The era’s public policy consequences were stark. Tax law changes benefited high-income earners, while spending cuts hit the poor and working-class hardest. Full-employment gave way to inflation fighting as the nation’s principal economic goal. Republicans focused on discontent with tax and spending policies among white voters providing support for pro-wealthy policies like cuts in the tax rate on capital gains, a form of income limited to about 10 percent of the nation’s population.
If Edsall’s insights into the way changes within the Democratic party contributed to growing inequity have proven particularly discerning, so too were those of Kevin Phillips regarding the Republicans. Phillips analysis seemed to draw particular attention because he had been something of an architect of the “silent majority” and “Southern strategy” that put Republicans in control of the White House for the better part of a quarter-century following the election of Richard Nixon in 1968.
For Phillips, the Reagan era represented the third period of conservative capitalist overdrive in American history. (The first occurred at the end of the 19th century, the second in the 1920s.) By the end of the 1980s, America had become the most unequal of the advanced industrial democracies. Phillips cites analyses suggesting that between 1977 and 1987, the average after-tax income of a family in the lowest 10 percent saw a drop of 10.5 percent, while incomes for a family in the upper 10 percent increased by 24.4 percent. Incomes for the top 1 percent skyrocketed by 74.2 percent over the decade. Wealth distribution numbers are even more unequal. The share of wealth owned by the top ½ of one percent (420,000 households) rose to 26.9 percent of U.S. family net worth, after having fallen for the previous four decades. The top 10 percent held fully 68 percent of the all the wealth in America.
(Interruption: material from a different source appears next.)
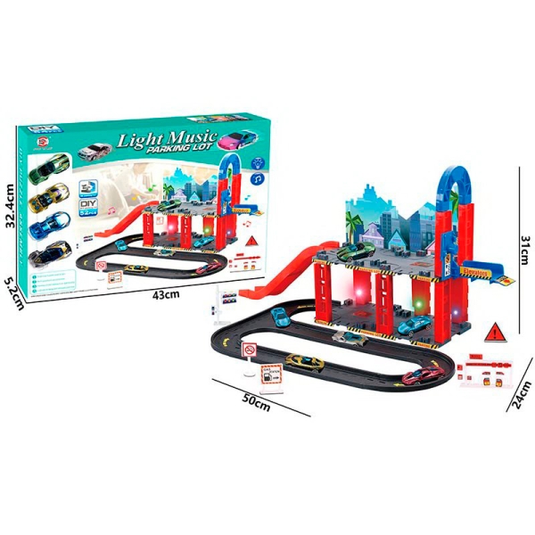 Гараж 0908-75A розмір 50-33-20см, машинка 4шт, звук, світло, на бат-ку, в коробці, 43-32,4-5см

Phillips speaks with authority on the new GOP populism, belligerently anti-establishment and anti-elite, that flowered under Nixon, and the emergence of a new Republican elite under Reagan. It was that cultural populism that provided cover for the party’s regressive economic agenda (see also Thomas Frank’s What’s the Matter with Kansas?: How Conservatives Won the Heart of America).
For Phillips, the three eras of capitalist overdrive shared 10 common characteristics: conservative politics, a reduced role for government, difficulties for labor, large-scale economic and corporate restructuring, tax reduction, anti-inflationary praxis, a two-tier economy, concentration of wealth, increased debt and speculation, and a speculative implosion.
In the Reagan era, Phillips notes, tax law changes favoring the well-off combined with a shift in government spending away from programs benefiting the poor and working class and toward the military to exacerbate inequity. Making matters worse were deregulation and debt. Phillips would go on to argue in Arrogant Capital: Washington, Wall Street, and the Frustration of American Politics (1994) that the “finanacialization of America” and the speculative frenzy it engendered magnified inequality and created a “stocks up, jobs down” environment.